RE: Reader/Writer problem in HDFS

Posted by Laxman <la...@huawei.com>.
No such API as per my knowledge.
copyFromLocal is such API. That may not fit in your scenario I guess.

--Laxman

-----Original Message-----
From: Meghana [mailto:meghana.marathe@germinait.com] 
Sent: Thursday, July 28, 2011 4:32 PM
To: hdfs-user@hadoop.apache.org; lakshman_ch@huawei.com
Cc: common-user@hadoop.apache.org
Subject: Re: Reader/Writer problem in HDFS

Thanks Laxman! That would definitely help things. :)

Is there a better FileSystem/other method call to create a file in one go
(i.e. atomic i guess?), without having to call create() and then write to
the stream?

..meghana


On 28 July 2011 16:12, Laxman <la...@huawei.com> wrote:

> One approach can be use some ".tmp" extension while writing. Once the
write
> is completed rename back to original file name. Also, reducer has to
filter
> out ".tmp" files.
>
> This will ensure reducer will not pickup the partial files.
>
> We do have the similar scenario where the a/m approach resolved the issue.
>
> -----Original Message-----
> From: Meghana [mailto:meghana.marathe@germinait.com]
> Sent: Thursday, July 28, 2011 1:38 PM
> To: common-user; hdfs-user@hadoop.apache.org
> Subject: Reader/Writer problem in HDFS
>
> Hi,
>
> We have a job where the map tasks are given the path to an output folder.
> Each map task writes a single file to that folder. There is no reduce
> phase.
> There is another thread, which constantly looks for new files in the
output
> folder. If found, it persists the contents to index, and deletes the file.
>
> We use this code in the map task:
> try {
>    OutputStream oStream = fileSystem.create(path);
>    IOUtils.write("xyz", oStream);
> } finally {
>    IOUtils.closeQuietly(oStream);
> }
>
> The problem: Some times the reader thread sees & tries to read a file
which
> is not yet fully written to HDFS (or the checksum is not written yet,
etc),
> and throws an error. Is it possible to write an HDFS file in such a way
> that
> it won't be visible until it is fully written?
>
> We use Hadoop 0.20.203.
>
> Thanks,
>
> Meghana
>
>


RE: Reader/Writer problem in HDFS

Posted by Laxman <la...@huawei.com>.
No such API as per my knowledge.
copyFromLocal is such API. That may not fit in your scenario I guess.

--Laxman

-----Original Message-----
From: Meghana [mailto:meghana.marathe@germinait.com] 
Sent: Thursday, July 28, 2011 4:32 PM
To: hdfs-user@hadoop.apache.org; lakshman_ch@huawei.com
Cc: common-user@hadoop.apache.org
Subject: Re: Reader/Writer problem in HDFS

Thanks Laxman! That would definitely help things. :)

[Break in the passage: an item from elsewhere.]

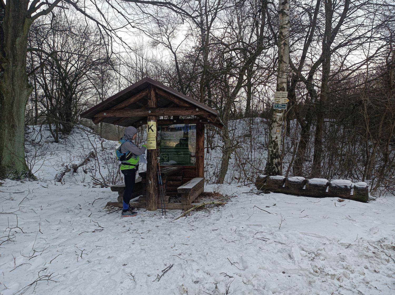 S Václavem jsme to vyřešili výstupem přímo vzhůru po nějaké lesácké traktorocestě, zatímco Pavel blížící se z povzdálí se kousek vrátil a našel si cestu svoji. Lezli jsme docela hlubokým sněhem a byl jsem rád, že jdu ve vysokých zimních botách, jinak už bych mrznul v ponožkách plných sněhu. Husáka i s jeho kontrolním bodem jsme překonali někdy chvíli před 13 h. Už cestou nahoru Václav nadhodil, že by byl rád v cíli do 15h, já jsem se snažil své plány mírnit po zkušenostech z minula, kdy byl celej kopec jedno velký utrpení a doufal jsem tak v 15:10, nicméně teď jsme byli nahoře, já byl v pohodě, počasí nám přálo, tak nebyl důvod to trochu nerozběhnout a nezmuflonit dolů. Do Jevíčka to bylo 7 km a dál asi 4 a půl.

Is there a better FileSystem/other method call to create a file in one go
(i.e. atomic i guess?), without having to call create() and then write to
the stream?

..meghana


On 28 July 2011 16:12, Laxman <la...@huawei.com> wrote:

> One approach can be use some ".tmp" extension while writing. Once the
write
> is completed rename back to original file name. Also, reducer has to
filter
> out ".tmp" files.
>
> This will ensure reducer will not pickup the partial files.
>
> We do have the similar scenario where the a/m approach resolved the issue.
>
> -----Original Message-----
> From: Meghana [mailto:meghana.marathe@germinait.com]
> Sent: Thursday, July 28, 2011 1:38 PM
> To: common-user; hdfs-user@hadoop.apache.org
> Subject: Reader/Writer problem in HDFS
>
> Hi,
>
> We have a job where the map tasks are given the path to an output folder.
> Each map task writes a single file to that folder. There is no reduce
> phase.
> There is another thread, which constantly looks for new files in the
output
> folder. If found, it persists the contents to index, and deletes the file.
>
> We use this code in the map task:
> try {
>    OutputStream oStream = fileSystem.create(path);
>    IOUtils.write("xyz", oStream);
> } finally {
>    IOUtils.closeQuietly(oStream);
> }
>
> The problem: Some times the reader thread sees & tries to read a file
which
> is not yet fully written to HDFS (or the checksum is not written yet,
etc),
> and throws an error. Is it possible to write an HDFS file in such a way
> that
> it won't be visible until it is fully written?
>
> We use Hadoop 0.20.203.
>
> Thanks,
>
> Meghana
>
>


Re: Reader/Writer problem in HDFS

Posted by Meghana <me...@germinait.com>.
Thanks Laxman! That would definitely help things. :)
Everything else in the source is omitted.